A lifelong naturalist, teacher, mountain climber, graphic artist, and skilled photographer, Dr. Don Rolfs grew up in the mountains and wilderness of Washington State. He has studied and collected insects in Europe, Turkey, Siberia, the Amazon Basin, and throughout the U.S.
His love for natural history began in 1948 when he spent the entire summer at his family’s remote wilderness cabin without running water, electricity, or phone service. Daily chores included chopping wood and carrying water from the nearby creek. Free time was mostly spent collecting insects, studying small animals and learning to live-trap them for closer study in an aquarium and in cages that he built. From early grade school, through college, dental school, and graduate school, all sorts of living creatures were collected; each to serve a time as an object of study in his room at home. Various insects, chipmunks, squirrels, gophers, kangaroo rats, pocket mice, deer mice, jumping mice, voles, packrats, rattlesnakes, spiders, and scorpions all served their time as captive-residents in his room; some for a few days, others for a few weeks, before being released back to their natural habitat. As a High School student, his butterfly and moth collection won a college scholarship in a state-wide science fair.
Undergraduate college was paid for by working summers as a USFS Smokejumper in the North Cascades of Washington. One summer it took the cooperative effort of the entire crew to satisfy the voracious hunger of Don’s captive shrew.

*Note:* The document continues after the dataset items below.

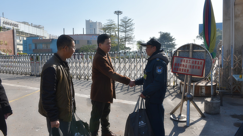 陳永錦一行先后慰問了萬事泰總部值班人員、員工宿舍值班人員、事業(yè)二部值班人員、嘉事泰工業(yè)園區(qū)值班人員等集團(tuán)員工。在嘉事泰工業(yè)園區(qū)內(nèi),陳煥文勉勵(lì)值班員工要盡心盡職,并詢問了春節(jié)期間安保管理工作,要求值班人員,加強(qiáng)巡查力度,確保新春期間廠區(qū)安全。隨后陳煥文與值班人員一同巡查廠區(qū),并指導(dǎo)了值班人員如何做好廠區(qū)安全工作,確保各項(xiàng)監(jiān)控設(shè)備的正常運(yùn)行。
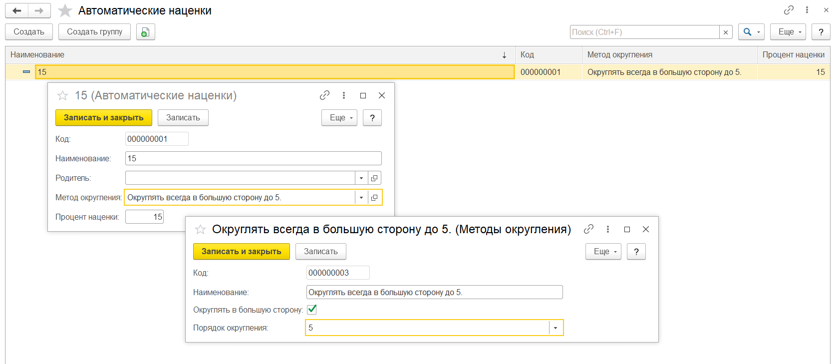 В конфигурации предусмотрена возможность хранения параметров автоматических наценок, таких, как процент наценки и метод округления, которые используются для автоматического расчета розничной цены. Процент наценки можно установить как для отдельной номенклатурной единицы, так и для группы номенклатур в целом.
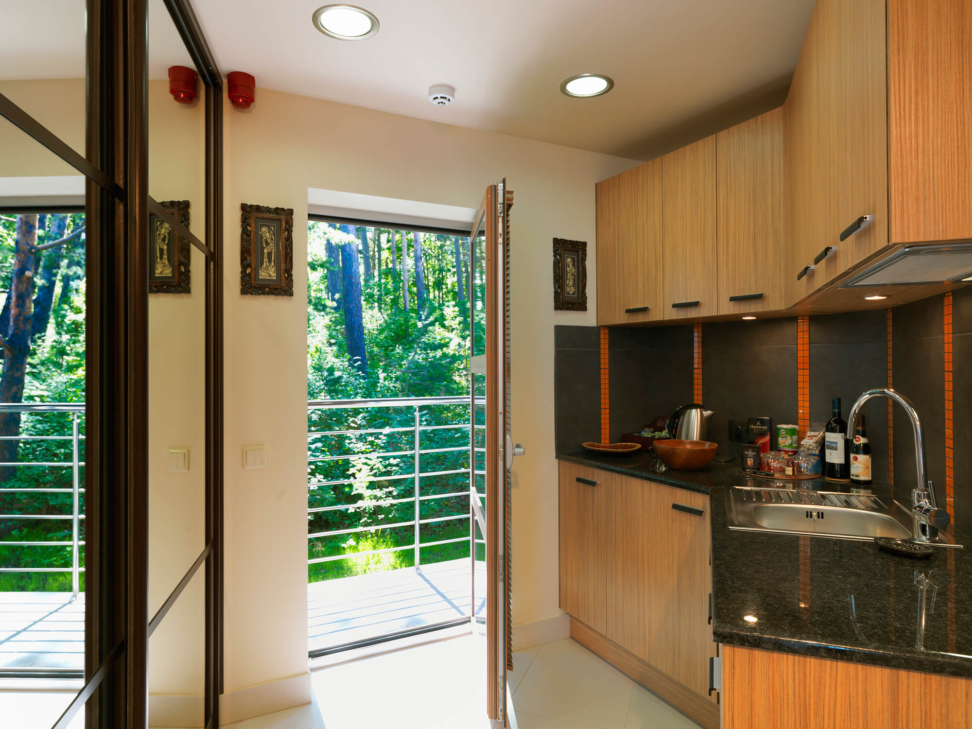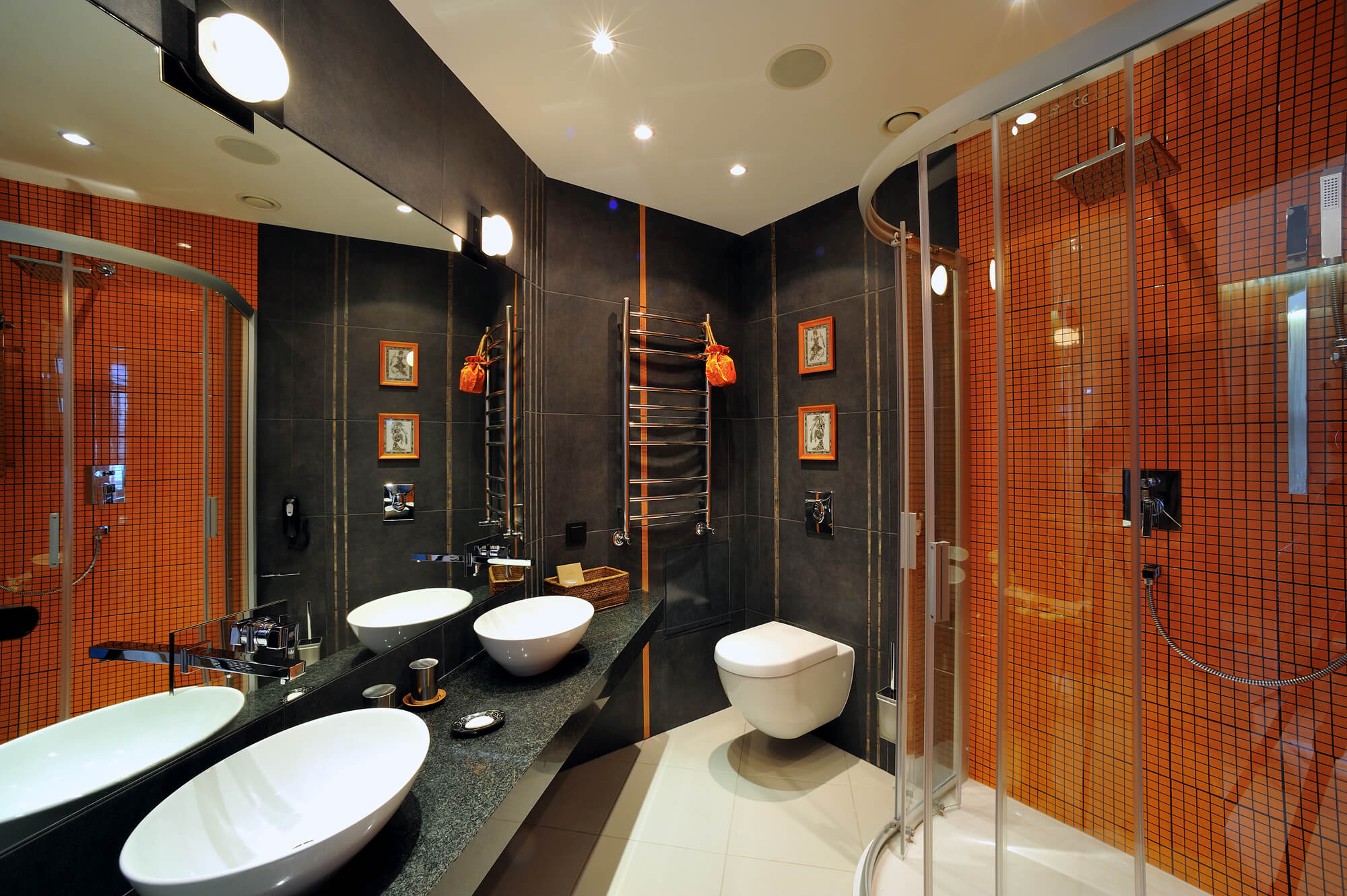 А в ванной комнате, словно отражение залитого солнцем номера, ярко-оранжевый кафель сразу создает свое настроение. Психологи давно заметили, оранжевый цвет – цвет блаженства, теплоты, он в любую погоду радует глаз и способствует хорошему настроению.
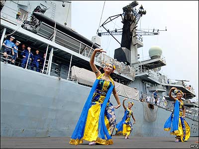 رقصنده های اندونزیایی در کنار یک ناو جنگی متعلق به نیروهای دریایی بریتانیا که برای یک تمرین مشترک وارد بندر جاکارتا شده است.
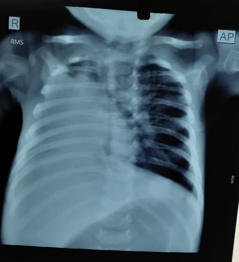 A 2-month-old infant was admitted to the hospital with severe pneumonia. The child had been under inpatient care for over two weeks with persistent symptoms and no significant clinical improvement. Chest X-rays showed progressive worsening of the right lung, and the infant remained dependent on oxygen support.
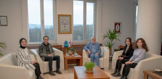 Üniversitemiz Güzel Sanatlar Fakültesi Öğr. Üyesi Doç. Dr. Özden Gezer Oğuz ve Dr. Öğr. Üyesi Emreh Sezer Üniversitemiz Rektörü Prof. Dr. Mustafa Alişarlı’yı makamında...
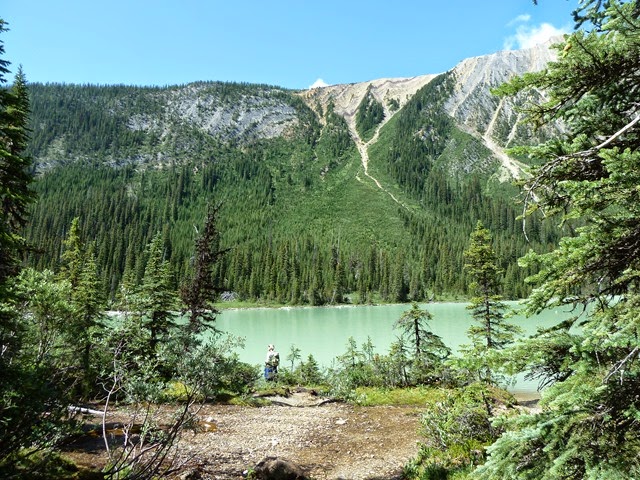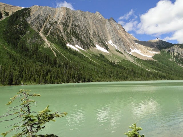 Er lagen veel dode bomen die door met het smeltende ijs van de gletsjers meegesleurd waren naar beneden. Erachter bevond zich het langgerekte meer. Zoals bijna alle bergmeren groenblauw van kleur, en omzoomd door morenen op de flanken van de bergen. Er was niemand. We liepen een eind langs de oevers, op kleine drassige paadjes, erg onder de indruk van dit natuurschoon.
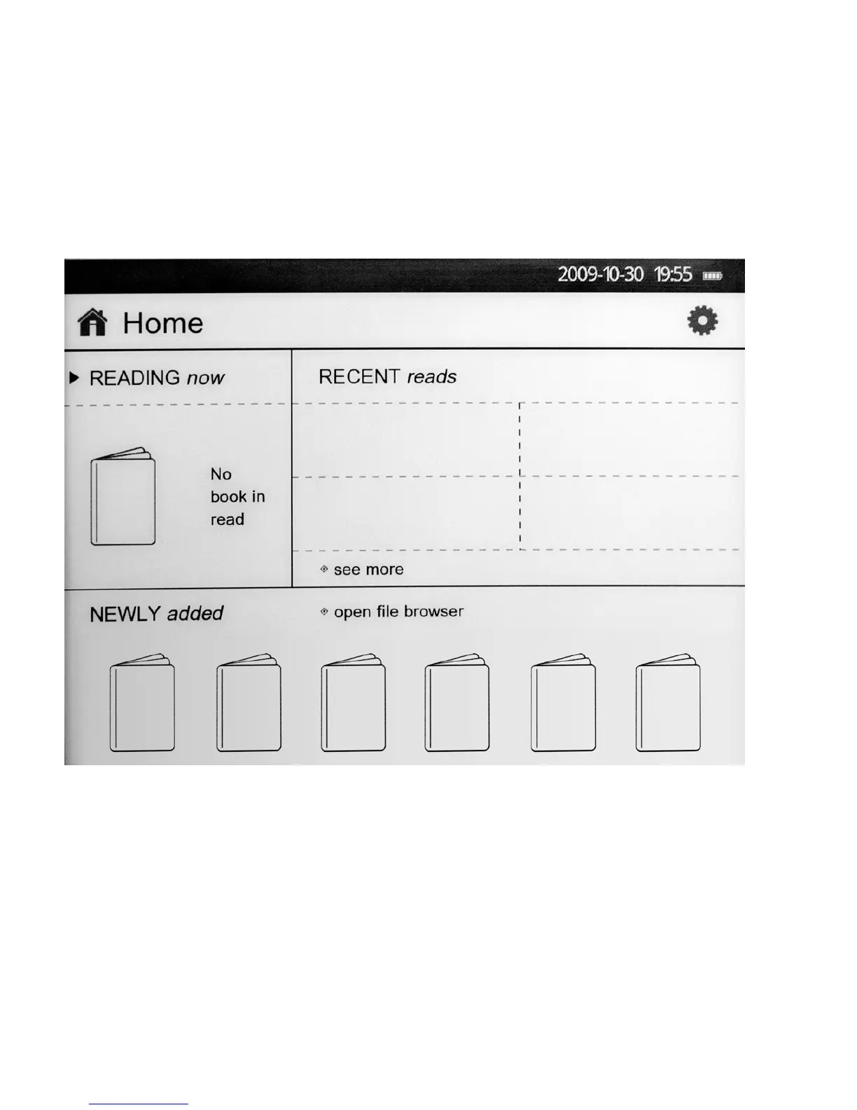 1. Using control buttons, you can select one of five options: ««Settings», «Readnow», «Last Read », «Open file
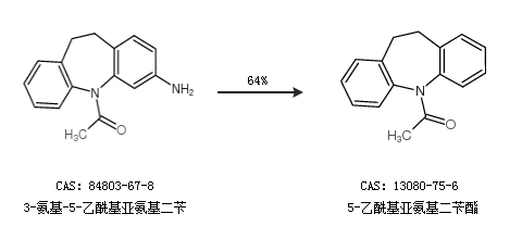 1.通过3-氨基-5-乙酰基亚氨基二苄合成5-乙酰基亚氨基二苄酯,收率约64%;
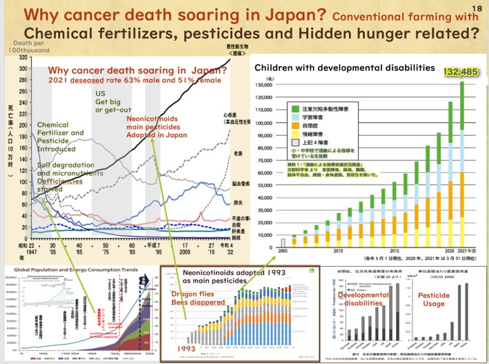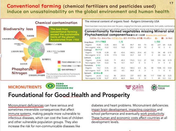 3.化学肥料・農薬の慣行農法による作物から微量栄養素や抗がん物質のファイトケミカルが欠落し、免疫機能低下との関係が排除できない。
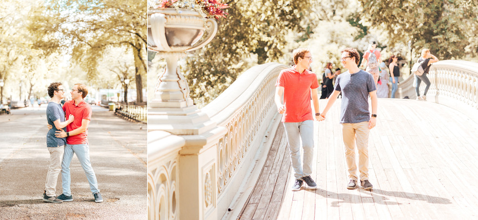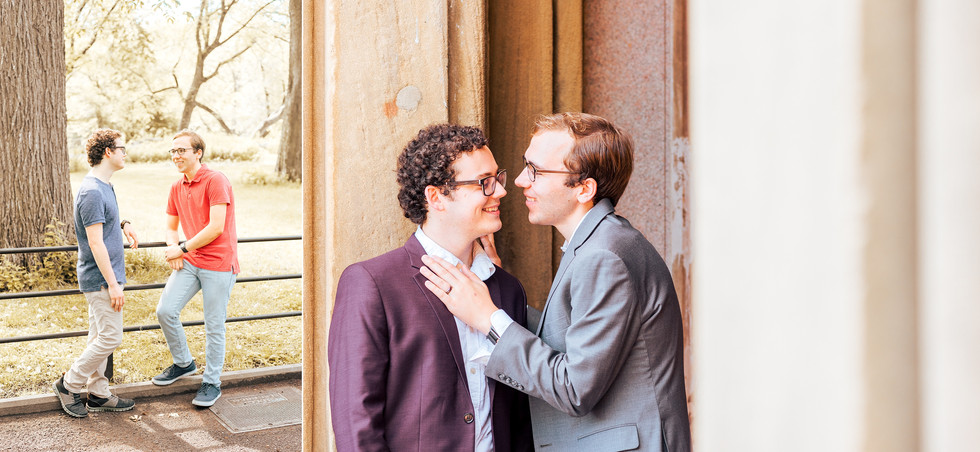 Their Session: My husband and I ventured over to NYC. We met up with Austin and Aaron early one warm summer morning at the Bethesda fountain and terrace in Central Park. They were both so well dressed in grey and purple suits that complimented each other nicely. We toured around the park for a while as we got to know each other. As temperatures rose, Austin and Aaron changed into more casual outfits which was defffff more fitting for skipping around! Did you know they have public restrooms right by the fountain?! I'd love to share some of my favorite photos from their Central Park engagement session, but first, more about their story!
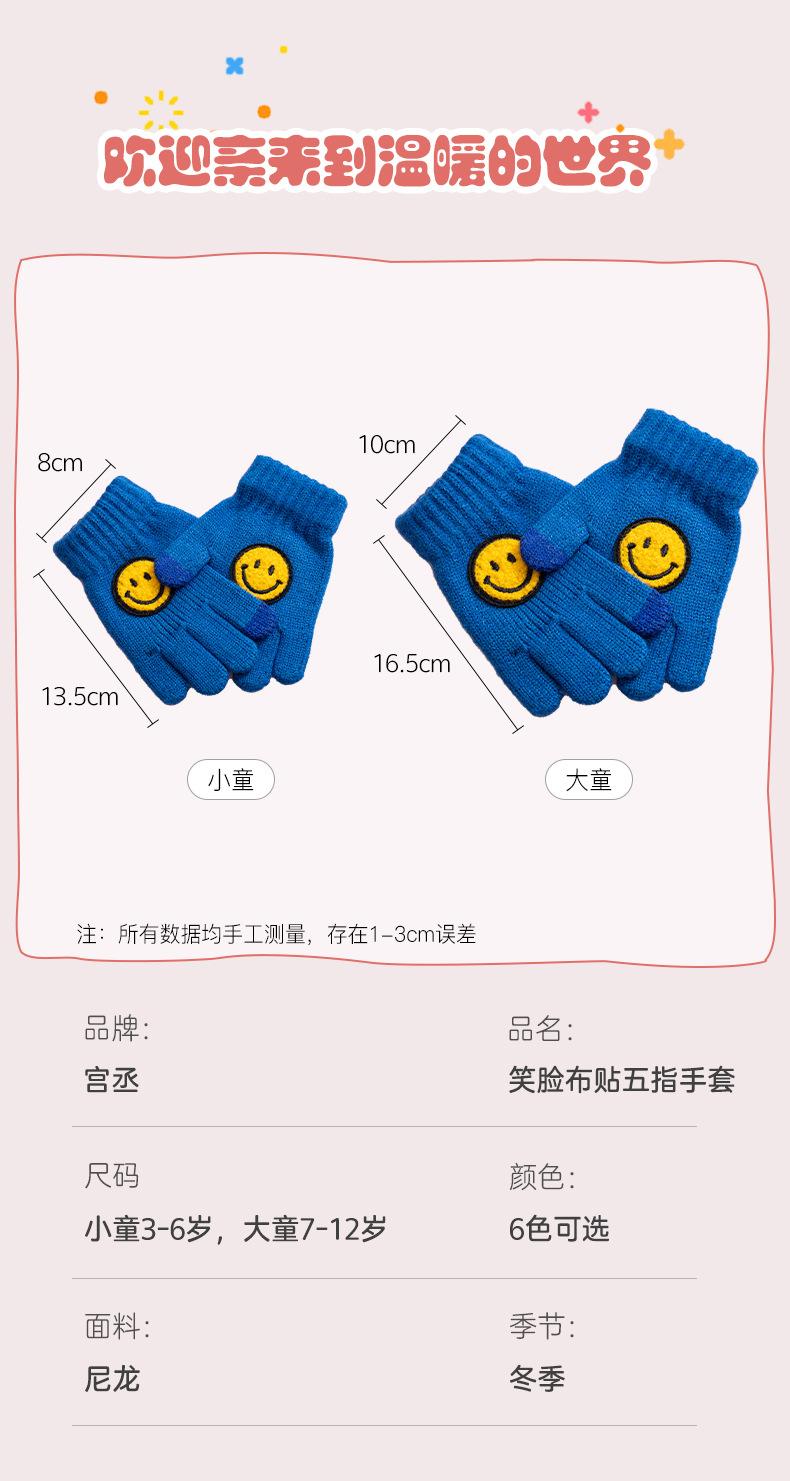 [Dark blue] (smiley face cloth stickers) children's cute gloves

Don’s undergraduate training was mostly in scientific subjects including formal classes in mammalogy, ornithology, ecology, botany, and both undergraduate and graduate-level training in photography. Don is a 2007 graduate of the American Museum of Natural History’s annual 10-day “Bee Course” at the Southwestern Research Station in Portal Arizona. Retired in 2005 from careers, first as a periodontist, then as a dental educator, Don now writes, conducts original research on native bees of Washington, and leads field seminars on native bee ecology.